• About this exercise
Give the data again in full, without pictures.

• Data
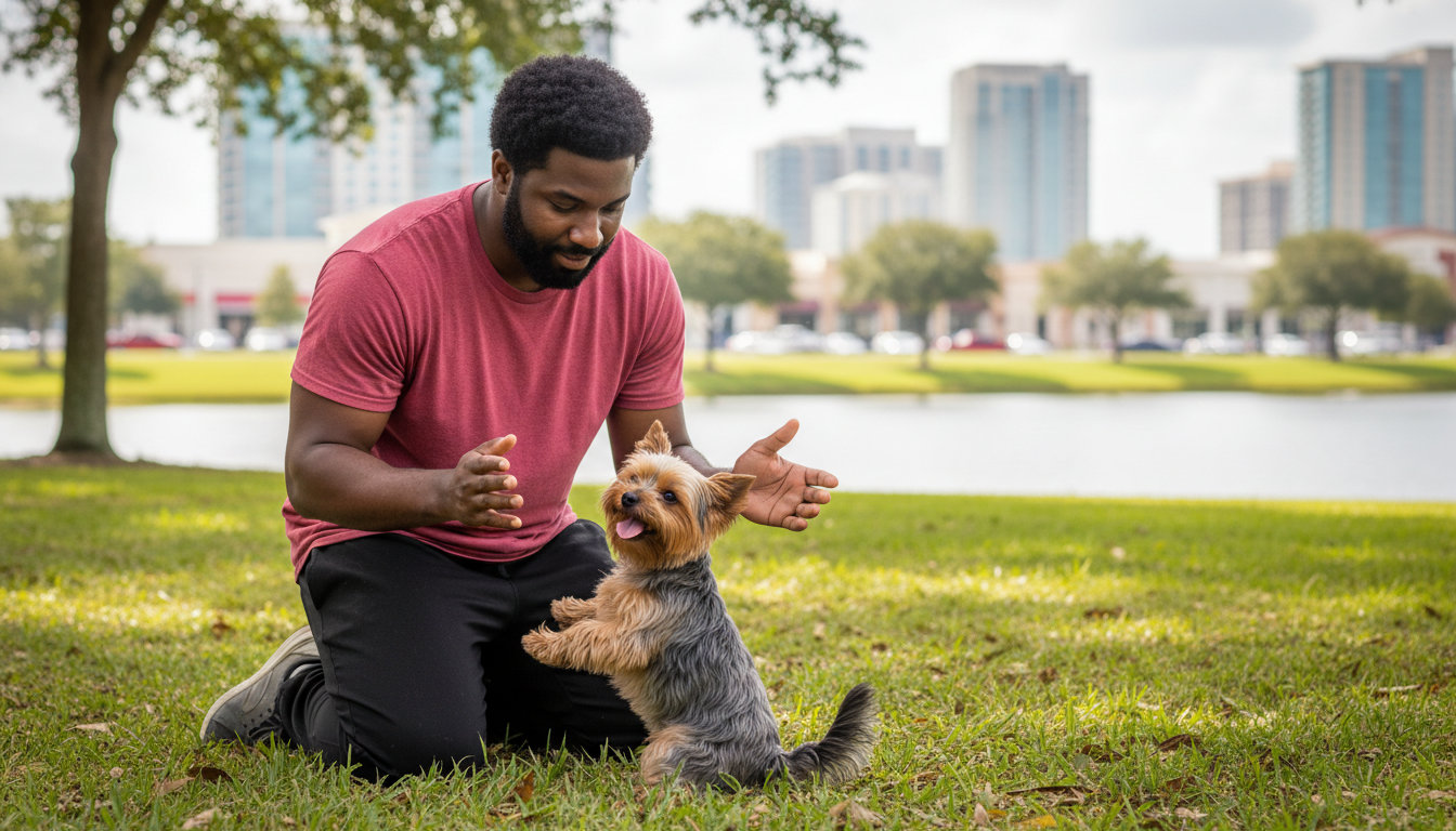 Basic obedience covers sit, down, stay, come, and loose-leash walking. These skills are the foundation for safety and good manners everywhere.
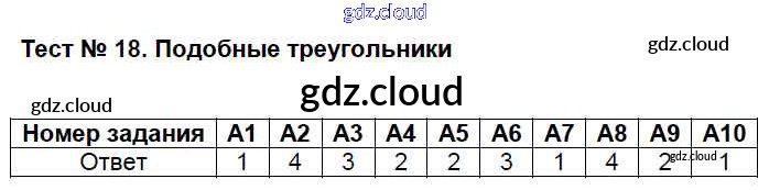 Ответ на задание Тест №18. Подобные треугольники Контрольно-измерительные материалы (КИМ) Геометрия за 8 (восьмой) класс Гаврилова 2018
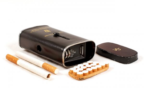 Среди других лотов, выставленных на аукционе, — камеры, замаскированные под портсигар, зонт, чемодан, дамскую сумочку и ручной фонарь. Одну камеру встроили в мужскую куртку: объектив замаскирован под пуговицу, а кнопка спуска спрятана в кармане.
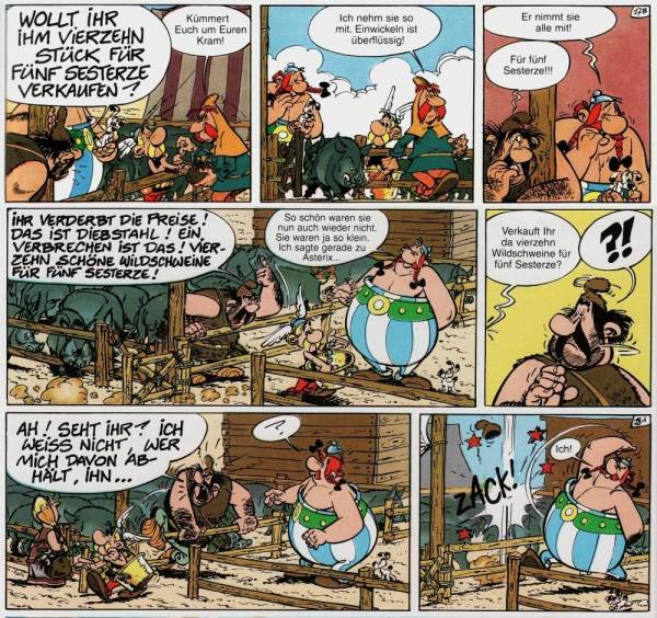 Asterix erlernt die Grundlagen zur Destabilisierung der Wirtschaft. Einfach alle anderen unterbieten.
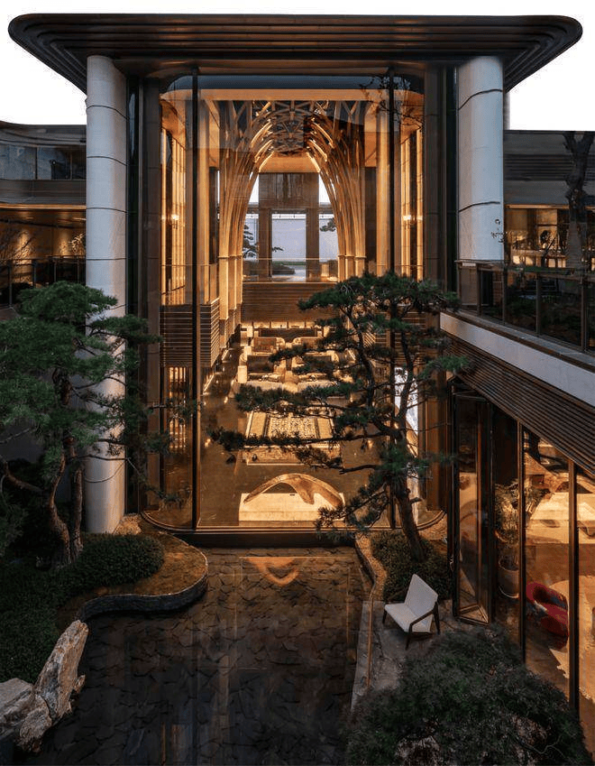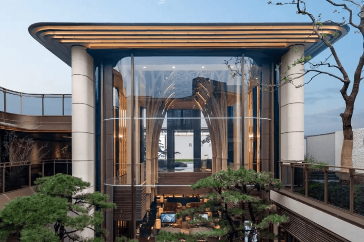 中央庭院以《溪山行旅图》《四景山水图》为蓝本,打造15米高差立体园林;
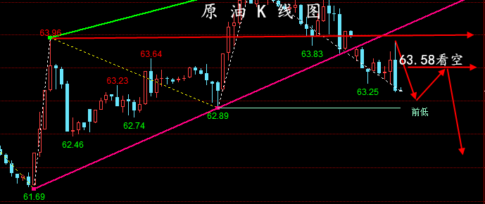 工夫面:工夫面上看,昨日邦际油价振撼交投中迎来压制回落调解,欧美盘时段小幅反抽冲高,承压64.6闭口迎来压制回落振撼走跌,凌晨收盘压制于64闭口下方报收反包中阴。今日油价短线闭口支持,若跌破不妨进一步下探至62.5美元区域!晚间重心体贴上方64.5-64.0阻力,下方62.2-61.6支持!个别估计:高空为主,低众为辅;WTI分水岭:63.0美元/桶!
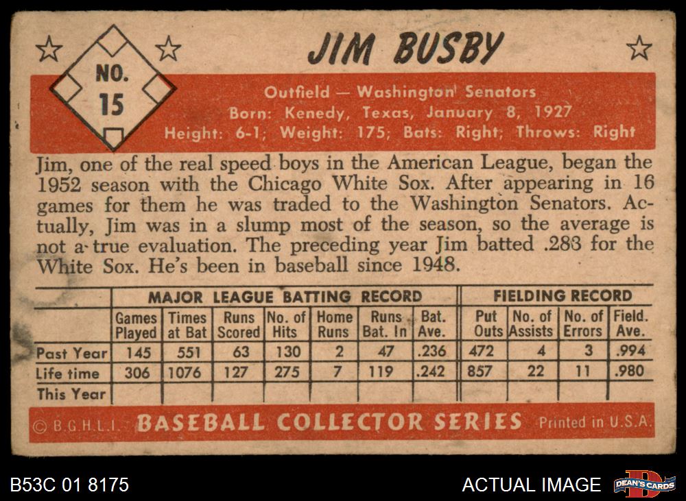 1953 Bowman #15 Jim Busby AUTHENTIC
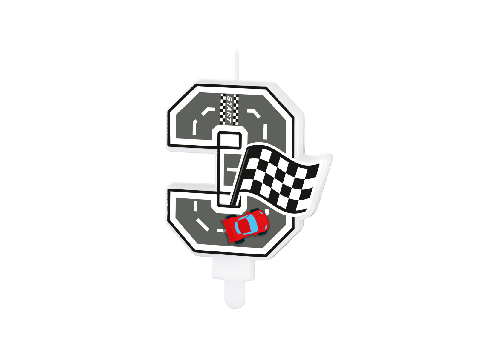Świeczka cyferka Wyścigówki - 3 - 7 cm - 1 szt.
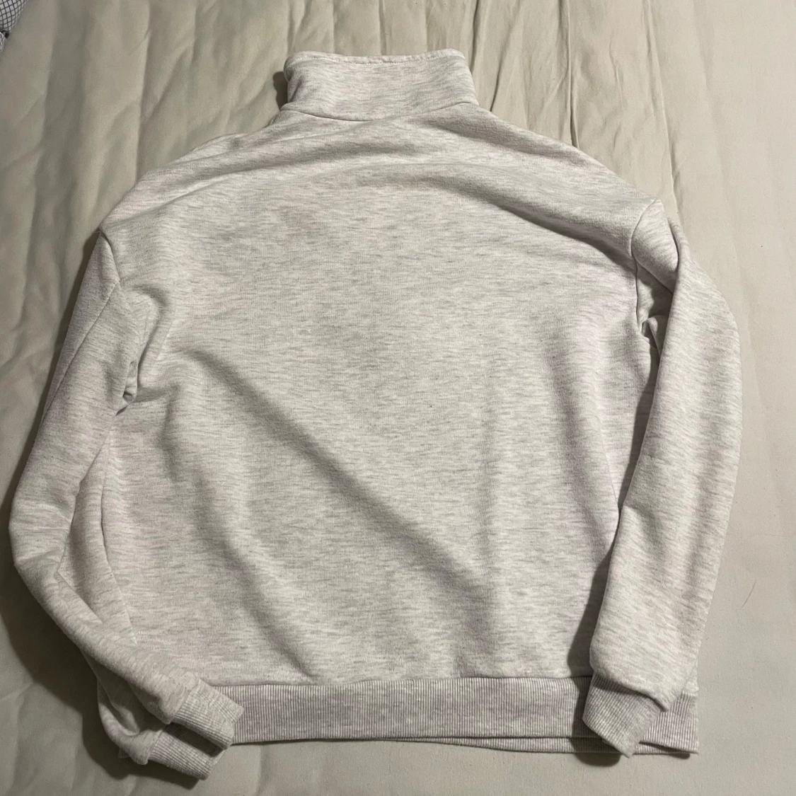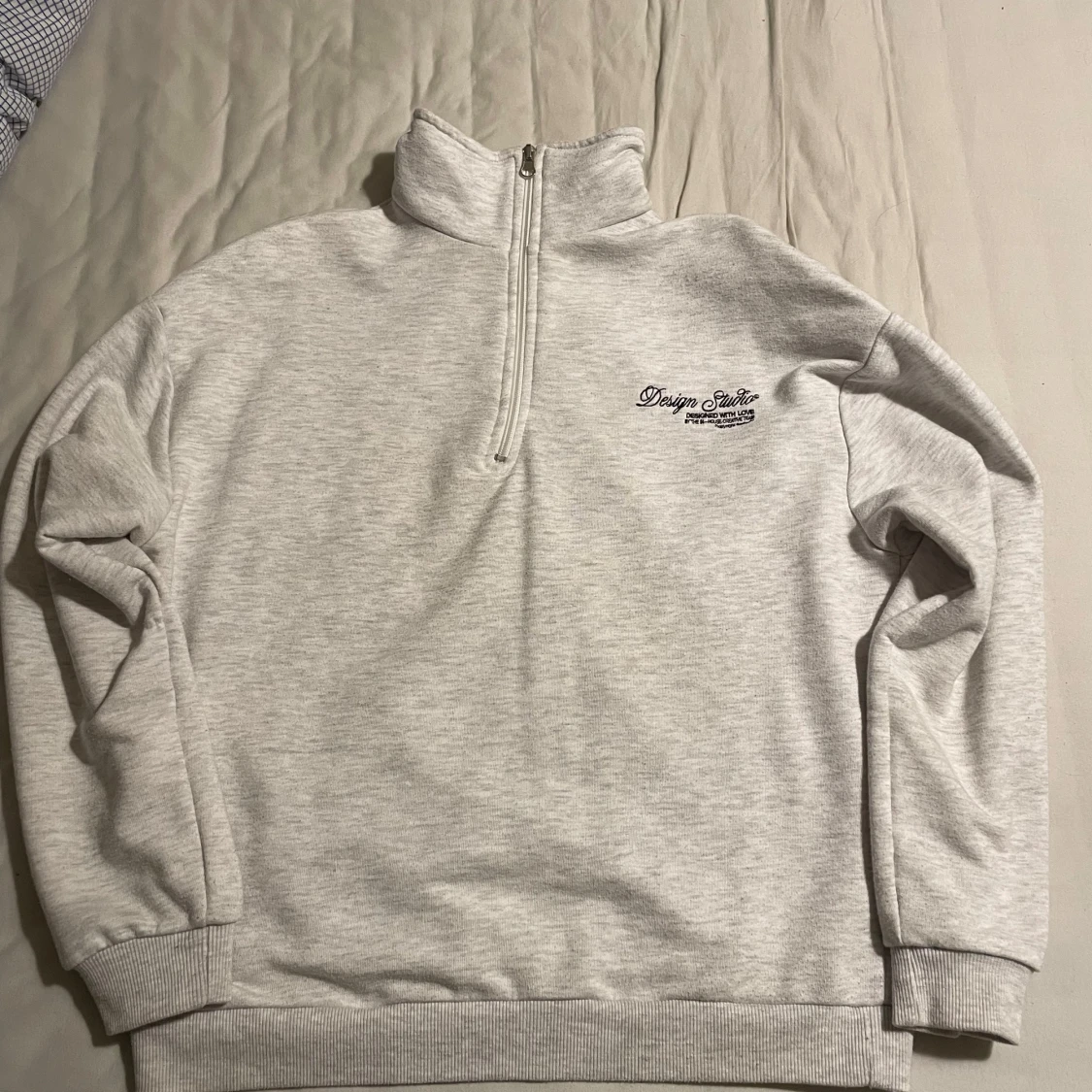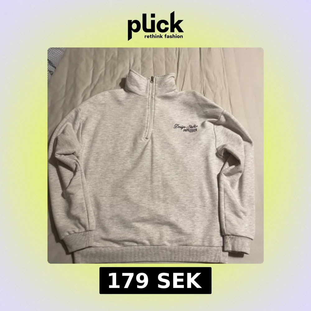 Säljer en stilren grå tröja från Boohoo med halv dragkedja och broderad text på bröstet. Tröjan har långa ärmar och ribbade muddar, perfekt för en avslappnad look. Köpt i Malmö på en Pop-up store, sparsamt använd

• Exercise result
 Basic obedience covers sit, down, stay, come, and loose-leash walking. These skills are the foundation for safety and good manners everywhere.
 Ответ на задание Тест №18. Подобные треугольники Контрольно-измерительные материалы (КИМ) Геометрия за 8 (восьмой) класс Гаврилова 2018
 Среди других лотов, выставленных на аукционе, — камеры, замаскированные под портсигар, зонт, чемодан, дамскую сумочку и ручной фонарь. Одну камеру встроили в мужскую куртку: объектив замаскирован под пуговицу, а кнопка спуска спрятана в кармане.
 Asterix erlernt die Grundlagen zur Destabilisierung der Wirtschaft. Einfach alle anderen unterbieten.
 中央庭院以《溪山行旅图》《四景山水图》为蓝本,打造15米高差立体园林;
 工夫面:工夫面上看,昨日邦际油价振撼交投中迎来压制回落调解,欧美盘时段小幅反抽冲高,承压64.6闭口迎来压制回落振撼走跌,凌晨收盘压制于64闭口下方报收反包中阴。今日油价短线闭口支持,若跌破不妨进一步下探至62.5美元区域!晚间重心体贴上方64.5-64.0阻力,下方62.2-61.6支持!个别估计:高空为主,低众为辅;WTI分水岭:63.0美元/桶!
 1953 Bowman #15 Jim Busby AUTHENTIC
Świeczka cyferka Wyścigówki - 3 - 7 cm - 1 szt.
 Säljer en stilren grå tröja från Boohoo med halv dragkedja och broderad text på bröstet. Tröjan har långa ärmar och ribbade muddar, perfekt för en avslappnad look. Köpt i Malmö på en Pop-up store, sparsamt använd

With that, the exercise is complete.